Then, after all that, she had to find the miniscule thread linking her universe to Alec's, the filament created when Alec made contact with her time and changed this world's destiny.

She had gotten very lucky. She could only go through a few thousand of the timelines a day, looking for the very subtle link between two worlds. She had expected it to take at least six months to comb through everything. It had taken her three weeks. The strand of energy that still linked their two worlds together was wavering, almost gone when she found the lines. A few weeks more and it would have been gone.

Coordinates 20.82.244, SRC264, ZHW1109.

The machine still hadn't been tested yet, because it would take too long to program in a test subject. It had taken her two weeks of sleepless nights and missed meals to enter all of her own components into the state-of-the-art computer, and now she was tired.

[I'll try it out after I go to sleep....]

* * * * *

The sound of water running near her was in the air, as the leaves crackled beneath her. She had no idea what the hell was going on, but she knew that this couldn't be right.

He was handsome, with icy blue eyes, slanted, and long black hair that hung down to his shoulders. He seemed to be in good shape, his whole body sinewy and tight, but at the same time, he was slender enough to look almost vulnerable.

She had no chance against him.

He looked at her for a moment, and she felt naked all of a sudden, although she was clothed. He smiled, but his pale blue eyes stayed so cold as his long hair fell, brushing her face.
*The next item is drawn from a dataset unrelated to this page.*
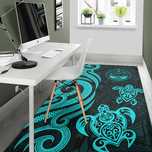 Marshall Islandss Area Rug - Turquoise Tentacle Turtle Crest
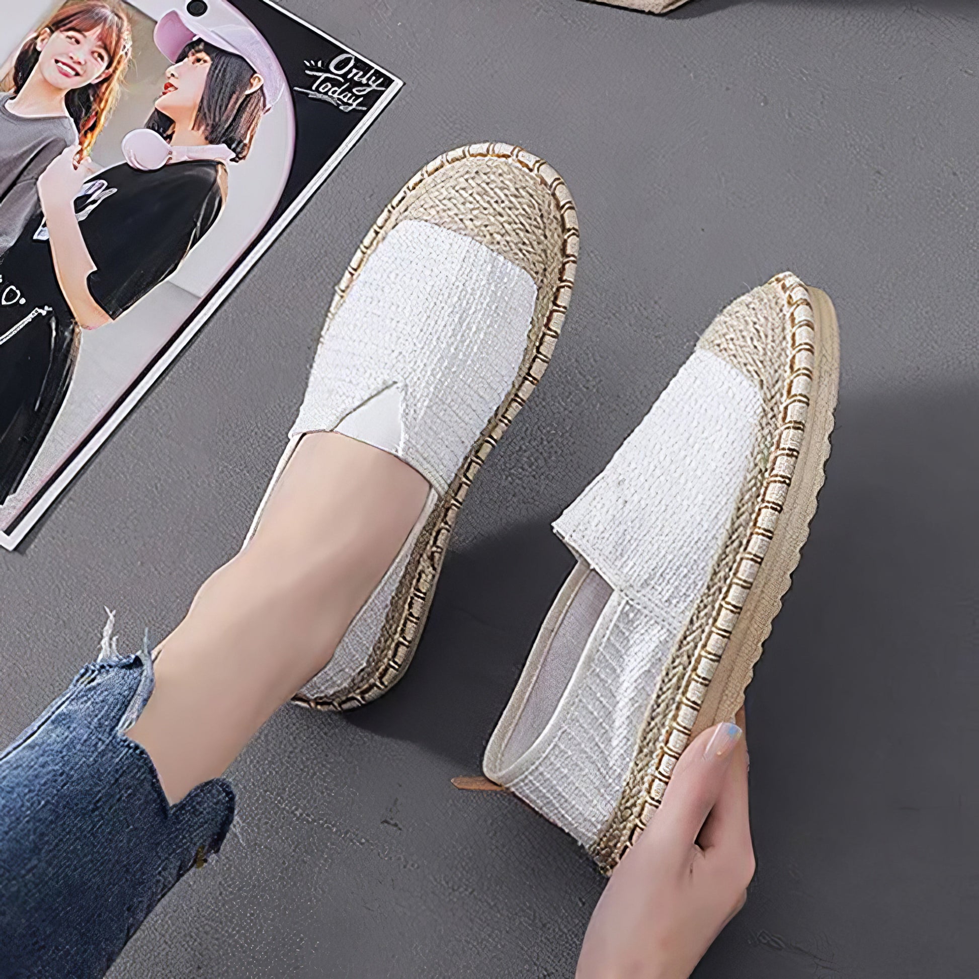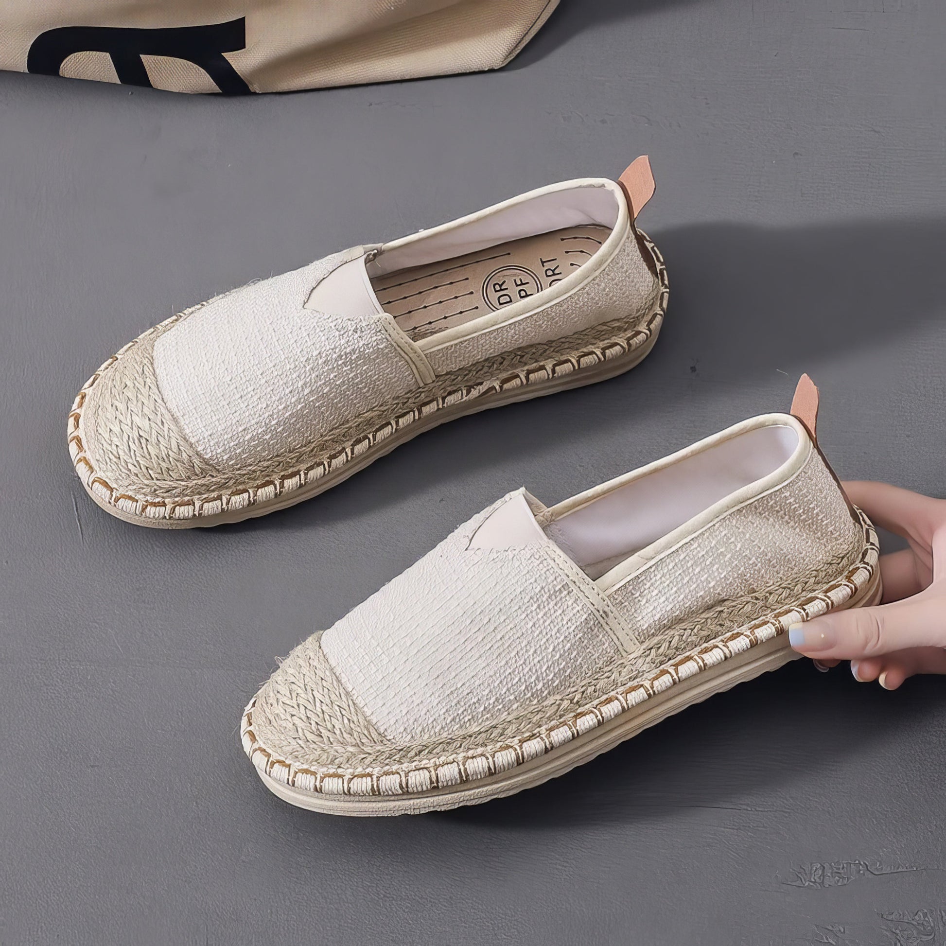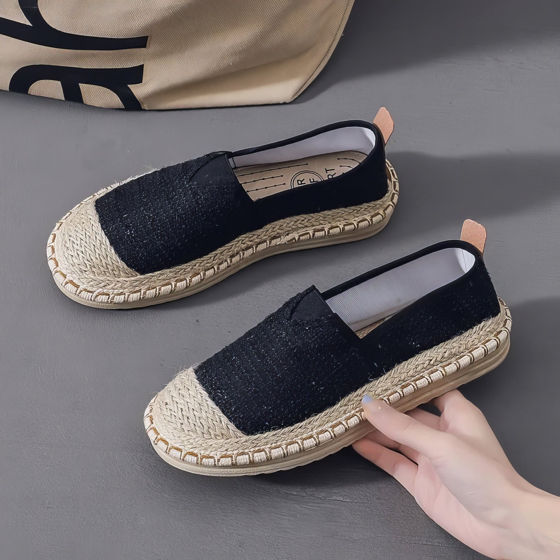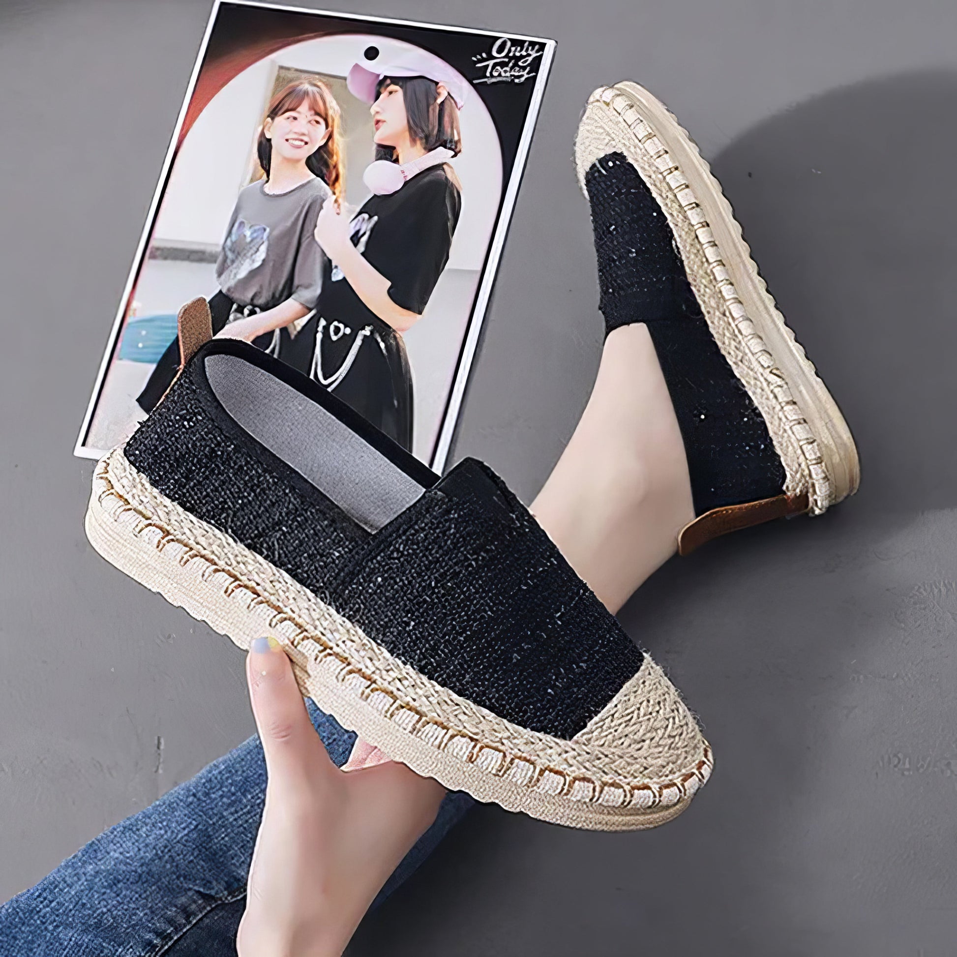 Vores flade sko tilbyder uovertruffen komfort og stil og er den perfekte tilføjelse til enhver kvindes garderobe. Disse slip-on espadriller er håndvævet og sikrer åndbarhed samt en let følelse, der holder dine fødder kølige og komfortable hele dagen. Canvas-materialet giver ikke kun holdbarhed, men tilføjer også dit outfit et afslappet, smart præg.

His fingers traced a line from her cheekbone to her throat.

He whispered soft words, a mockery of affection, the quiet voice almost emotionless.

* * * * *

She sucked in a sharp breath as she bolted upright. For a second, she panicked, wondering if she was there again by the waterfall. Then she forced the memory down and opened her eyes.

[Damn. Not this again...]

For the past three months she had been too fatigued to dream, and now...

[Not this.]

She pulled the covers aside. No chance of getting any sleep now. Might as well get up. Take a shower. Test out the damn thing.

And the frickin' machine had better work.

* * * * *

Ender stepped out the icy waters at the bottom of the waterfall, reaching for a towel. She dried herself in a hurry, for there was a cold wind blowing and she had no desire to get sick. She shook her head. There was a faster way to do this. For the first time in weeks, she let her ki surface, the aura springing up around her, drying her body and hair as the warmth spread.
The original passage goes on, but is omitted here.